[Data block]:
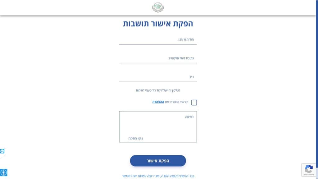 טופס הפקת אישור תושבות חלופה נגישה - כרגע לא קיימת.
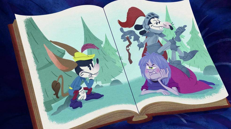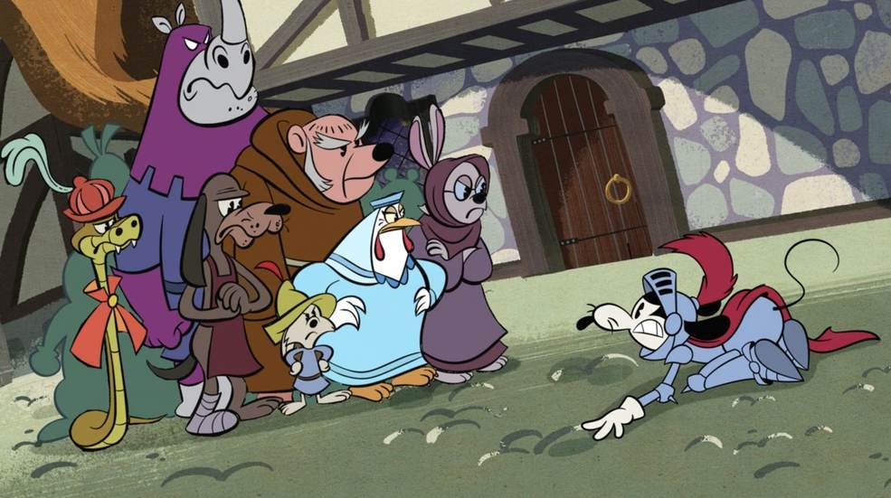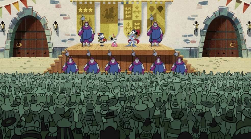 Mickey dreams of being the bravest knight in the kingdom and after an opening book sequence (narrated by Joanna Lumley, James and the Giant Peach), we see Queen Minnie on stage surrounded by royal guards, the rhinoceroses from Robin Hood. She is joined by Sir Mortimer, who has been Mickey’s rival ever since his short debut in Mickey’s Rival and he’s also appeared several times in the Mickey Mouse shorts series.
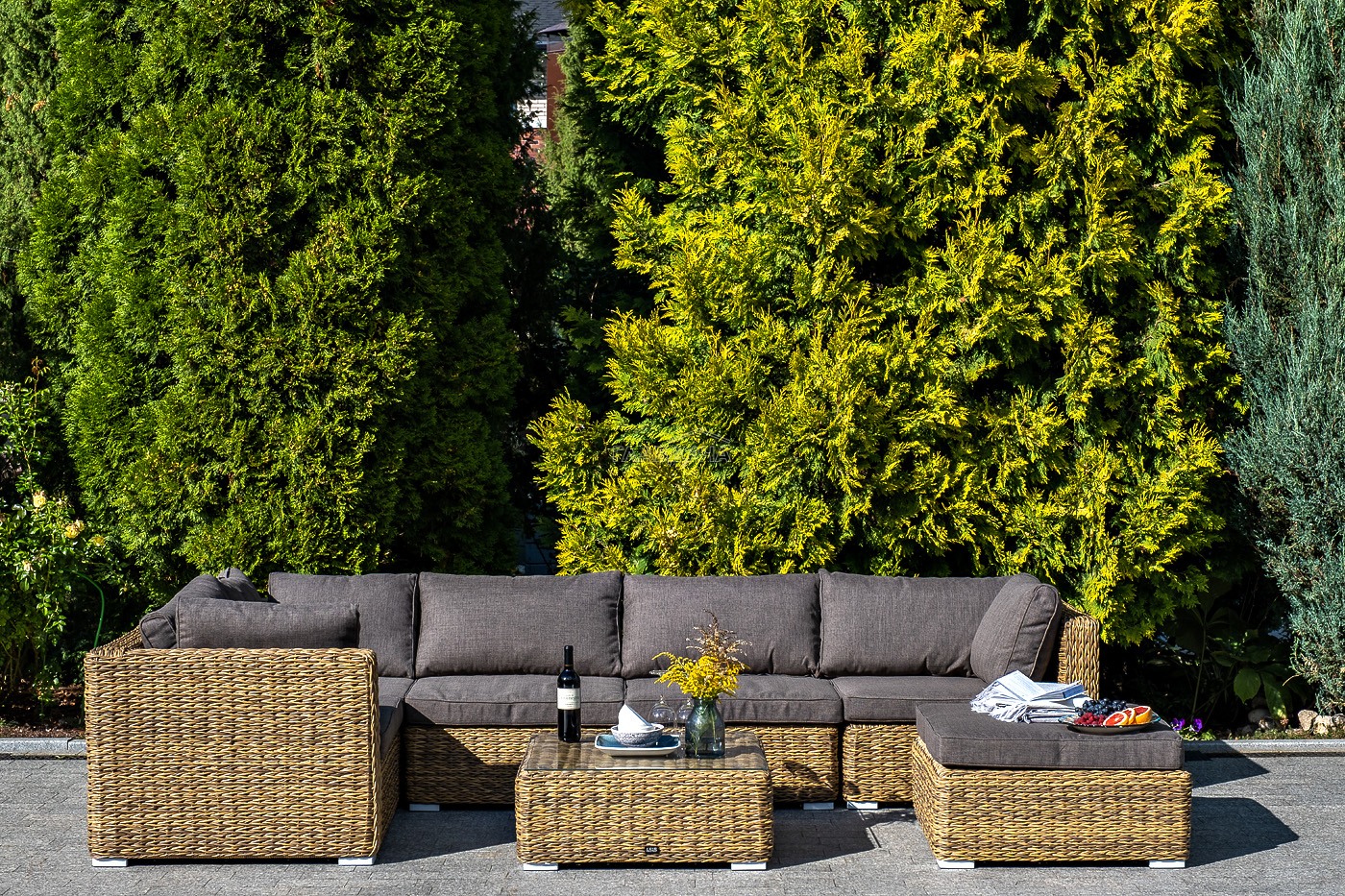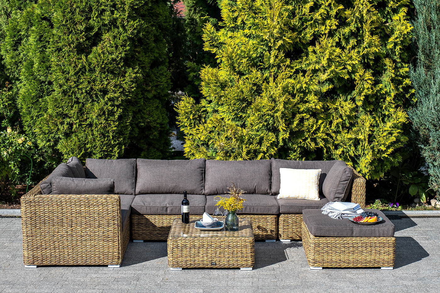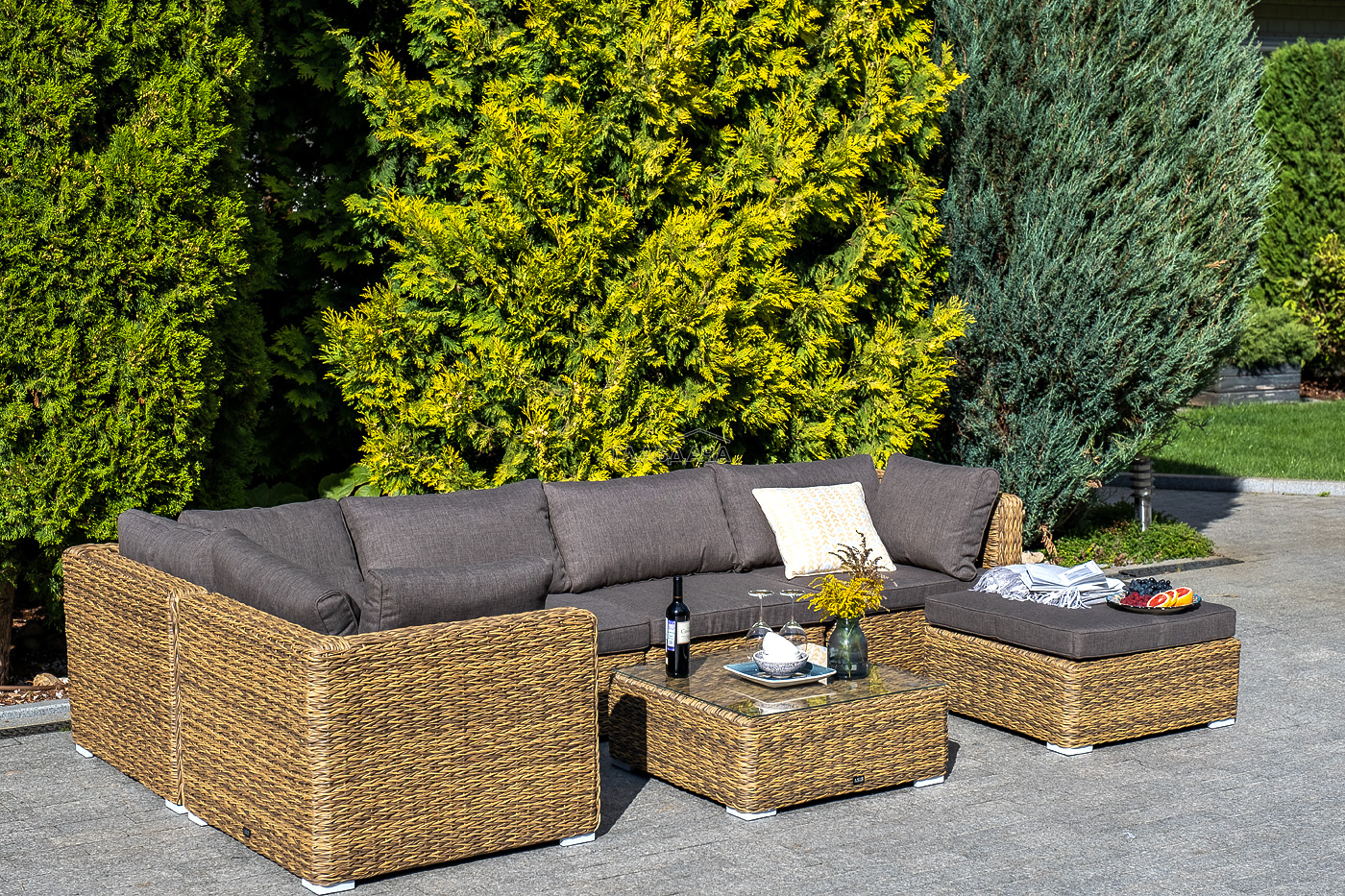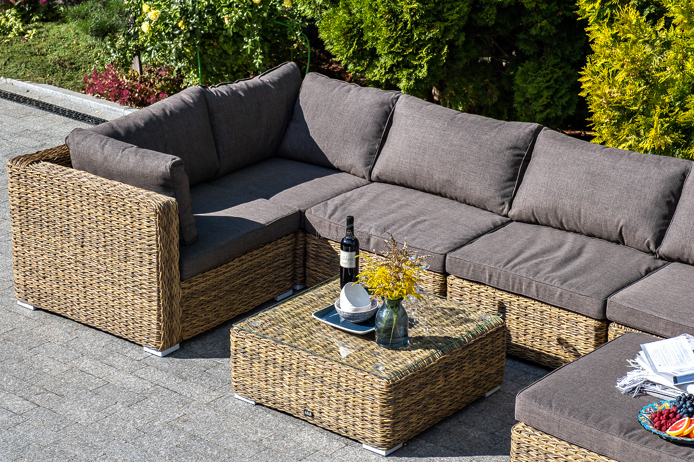 Составная и легко трансформирующаяся лаунж-зона «Лунго» гармонично дополнит зону отдыха на частной территории.

[Task objective]: Lines before the one containing "Mickey dreams of" are not wanted; repeat that line and the rest of the listing exactly, leaving out pictures.

[Task output]:
 Mickey dreams of being the bravest knight in the kingdom and after an opening book sequence (narrated by Joanna Lumley, James and the Giant Peach), we see Queen Minnie on stage surrounded by royal guards, the rhinoceroses from Robin Hood. She is joined by Sir Mortimer, who has been Mickey’s rival ever since his short debut in Mickey’s Rival and he’s also appeared several times in the Mickey Mouse shorts series.
 Составная и легко трансформирующаяся лаунж-зона «Лунго» гармонично дополнит зону отдыха на частной территории.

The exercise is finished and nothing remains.